By Advocate.com Editors
Originally published on Advocate.com July 06 2010 7:55 PM ET
In a way, the debate over same-sex marriage might never have happened without John Travolta.
It was 1977 when Joseph Melillo, a New Jersey native transplanted to Hawaii, offered to help a friend with a dance class on Saturday mornings. Since the film Saturday Night Fever was sweeping the country, the students, most of them senior citizens, wanted to learn to disco. Unbeknownst to Melillo, the teacher had also recruited Patrick Lagon to help with the class after seeing him do the freak, a disco dance, one night at a local club.
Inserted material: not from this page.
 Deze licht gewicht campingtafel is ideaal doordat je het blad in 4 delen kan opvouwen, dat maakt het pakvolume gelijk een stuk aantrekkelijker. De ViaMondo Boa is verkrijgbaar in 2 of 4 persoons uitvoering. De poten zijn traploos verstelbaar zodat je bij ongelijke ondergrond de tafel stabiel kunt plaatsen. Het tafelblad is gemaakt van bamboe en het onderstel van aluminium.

“I was busy with the students,” Melillo recalls. “Then I turned and looked at him, and he looked at me. We instantly fell in love. We’ve been together ever since.”
Their commitment led Melillo and Lagon to seek a marriage license in 1990—along with two lesbian couples, Tammy Rodrigues and Antoinette Pregil, and Ninia Baehr and Genora Dancel—and, when they were denied the license, to sue the state of Hawaii. The upshot: a ruling by circuit court judge Kevin Chang on December 3 declaring the state’s ban on same-sex marriages
to be unconstitutional under state law.
Now the question is whether that legal victory will ultimately prevail or whether same-sex marriage will be a passing fad, the disco of the 1990s. The next several months will see a bruising battle to determine the outcome. While mainland gays and lesbians are awaiting the outcome—too passively in the eyes of many Hawaii activists—opponents of same-sex marriage are preparing a series of measures to prevent the ruling from ever taking effect.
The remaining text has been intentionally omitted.